● **TASK INPUT**:
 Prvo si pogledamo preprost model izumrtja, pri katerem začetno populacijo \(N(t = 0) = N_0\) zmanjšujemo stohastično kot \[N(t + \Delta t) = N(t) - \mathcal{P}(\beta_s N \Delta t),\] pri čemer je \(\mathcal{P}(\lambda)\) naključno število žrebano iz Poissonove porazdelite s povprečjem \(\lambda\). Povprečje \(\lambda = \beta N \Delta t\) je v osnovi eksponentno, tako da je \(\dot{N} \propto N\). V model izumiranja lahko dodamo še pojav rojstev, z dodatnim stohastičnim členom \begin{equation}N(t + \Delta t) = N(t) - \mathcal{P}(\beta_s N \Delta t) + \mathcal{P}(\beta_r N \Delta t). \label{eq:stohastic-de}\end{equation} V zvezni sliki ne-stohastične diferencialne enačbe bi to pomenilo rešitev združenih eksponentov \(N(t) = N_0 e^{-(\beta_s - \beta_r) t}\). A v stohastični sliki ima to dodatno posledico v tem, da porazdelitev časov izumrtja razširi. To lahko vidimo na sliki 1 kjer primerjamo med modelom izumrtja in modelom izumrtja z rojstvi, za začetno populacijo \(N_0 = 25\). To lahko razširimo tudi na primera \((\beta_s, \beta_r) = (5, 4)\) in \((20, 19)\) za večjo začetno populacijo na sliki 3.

==

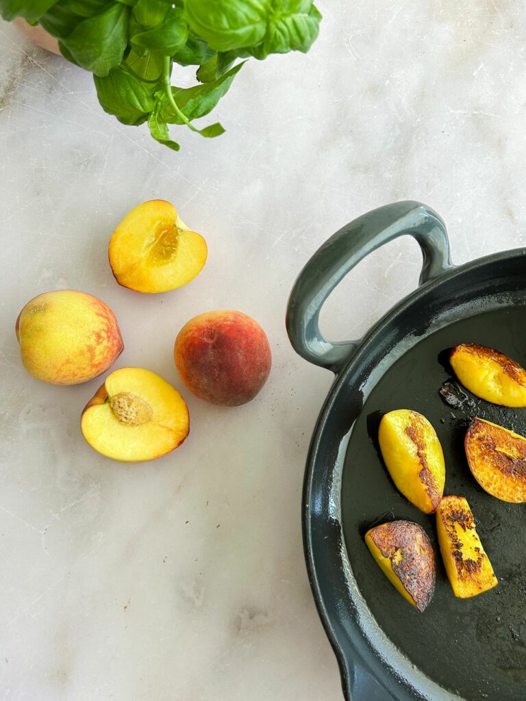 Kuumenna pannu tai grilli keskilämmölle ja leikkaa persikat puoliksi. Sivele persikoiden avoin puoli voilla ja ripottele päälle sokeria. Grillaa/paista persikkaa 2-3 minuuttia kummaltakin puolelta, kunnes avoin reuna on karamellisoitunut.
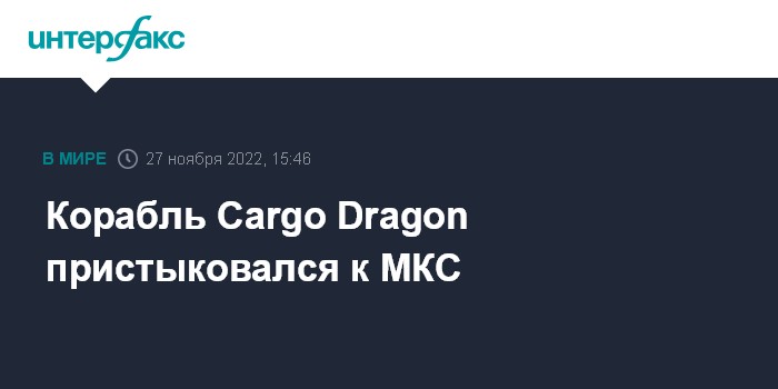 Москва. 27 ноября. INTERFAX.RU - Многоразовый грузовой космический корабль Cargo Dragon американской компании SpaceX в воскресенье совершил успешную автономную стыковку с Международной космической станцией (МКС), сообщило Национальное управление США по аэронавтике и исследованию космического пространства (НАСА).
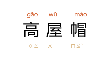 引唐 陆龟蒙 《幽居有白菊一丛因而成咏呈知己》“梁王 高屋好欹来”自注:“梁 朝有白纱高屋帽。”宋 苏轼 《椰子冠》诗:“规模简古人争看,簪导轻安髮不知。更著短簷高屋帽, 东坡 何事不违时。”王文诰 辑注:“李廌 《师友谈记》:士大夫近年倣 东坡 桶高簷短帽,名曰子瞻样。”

● **YOUR TASK**: Look above for the line with "Kuumenna pannu tai"; quote it and every line after it, stopping after the line with "Москва. 27 ноября.", exactly, with nothing added and without pictures.

● **RESPONSE TO THE EXERCISE**:
 Kuumenna pannu tai grilli keskilämmölle ja leikkaa persikat puoliksi. Sivele persikoiden avoin puoli voilla ja ripottele päälle sokeria. Grillaa/paista persikkaa 2-3 minuuttia kummaltakin puolelta, kunnes avoin reuna on karamellisoitunut.
 Москва. 27 ноября. INTERFAX.RU - Многоразовый грузовой космический корабль Cargo Dragon американской компании SpaceX в воскресенье совершил успешную автономную стыковку с Международной космической станцией (МКС), сообщило Национальное управление США по аэронавтике и исследованию космического пространства (НАСА).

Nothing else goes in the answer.